#### EXERCISE DATA

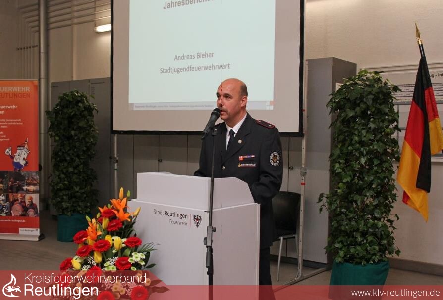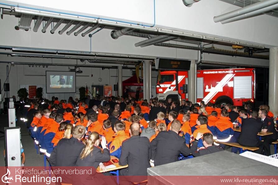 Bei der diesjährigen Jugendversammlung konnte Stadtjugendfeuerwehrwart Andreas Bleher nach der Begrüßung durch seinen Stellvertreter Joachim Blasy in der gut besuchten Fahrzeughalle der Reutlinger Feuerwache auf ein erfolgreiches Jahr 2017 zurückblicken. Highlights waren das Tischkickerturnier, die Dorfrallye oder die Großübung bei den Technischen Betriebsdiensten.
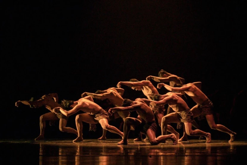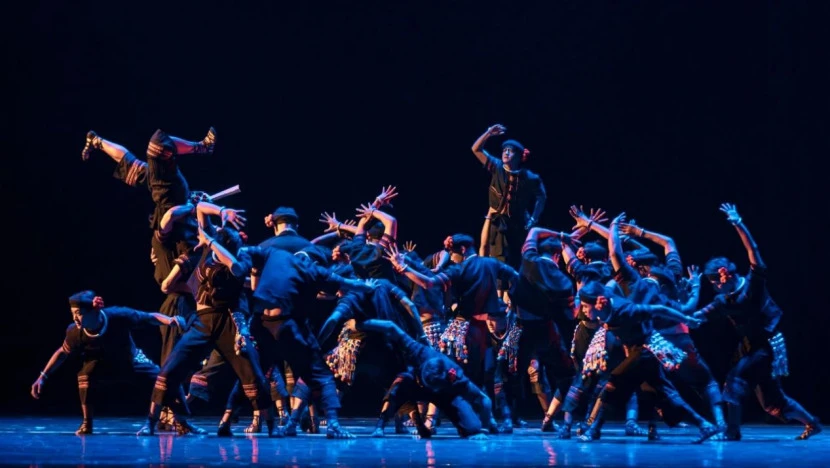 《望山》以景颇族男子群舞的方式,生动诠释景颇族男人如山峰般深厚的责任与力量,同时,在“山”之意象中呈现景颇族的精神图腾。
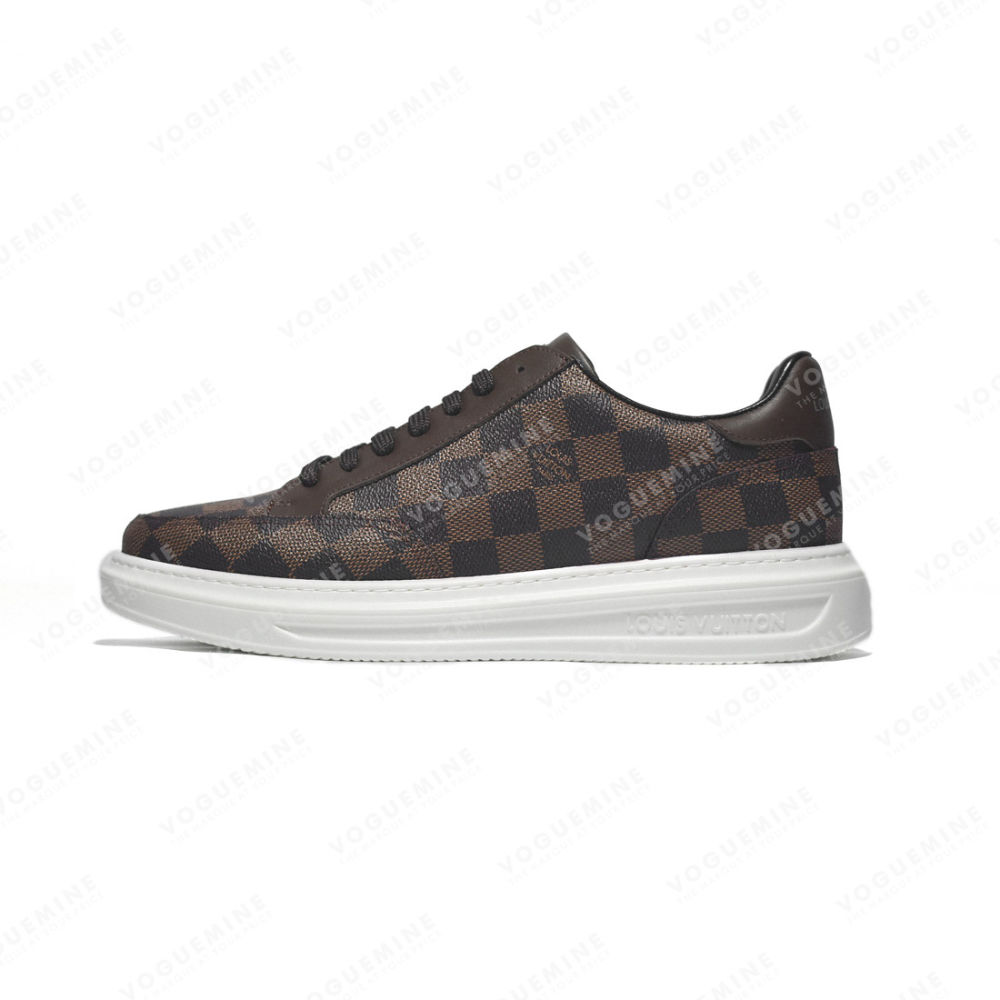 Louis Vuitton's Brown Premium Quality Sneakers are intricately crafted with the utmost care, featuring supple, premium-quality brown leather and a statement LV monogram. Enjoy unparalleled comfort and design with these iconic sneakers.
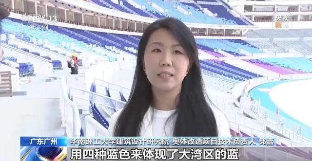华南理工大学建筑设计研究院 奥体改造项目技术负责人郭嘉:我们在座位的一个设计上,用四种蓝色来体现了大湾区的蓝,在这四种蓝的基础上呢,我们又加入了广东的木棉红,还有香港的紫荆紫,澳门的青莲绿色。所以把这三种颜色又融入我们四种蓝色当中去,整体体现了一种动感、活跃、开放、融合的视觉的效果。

#### EXERCISE
Your answer must be the full listing, word for word, minus any images.

#### RESPONSE BELOW
 Bei der diesjährigen Jugendversammlung konnte Stadtjugendfeuerwehrwart Andreas Bleher nach der Begrüßung durch seinen Stellvertreter Joachim Blasy in der gut besuchten Fahrzeughalle der Reutlinger Feuerwache auf ein erfolgreiches Jahr 2017 zurückblicken. Highlights waren das Tischkickerturnier, die Dorfrallye oder die Großübung bei den Technischen Betriebsdiensten.
 《望山》以景颇族男子群舞的方式,生动诠释景颇族男人如山峰般深厚的责任与力量,同时,在“山”之意象中呈现景颇族的精神图腾。
 Louis Vuitton's Brown Premium Quality Sneakers are intricately crafted with the utmost care, featuring supple, premium-quality brown leather and a statement LV monogram. Enjoy unparalleled comfort and design with these iconic sneakers.
华南理工大学建筑设计研究院 奥体改造项目技术负责人郭嘉:我们在座位的一个设计上,用四种蓝色来体现了大湾区的蓝,在这四种蓝的基础上呢,我们又加入了广东的木棉红,还有香港的紫荆紫,澳门的青莲绿色。所以把这三种颜色又融入我们四种蓝色当中去,整体体现了一种动感、活跃、开放、融合的视觉的效果。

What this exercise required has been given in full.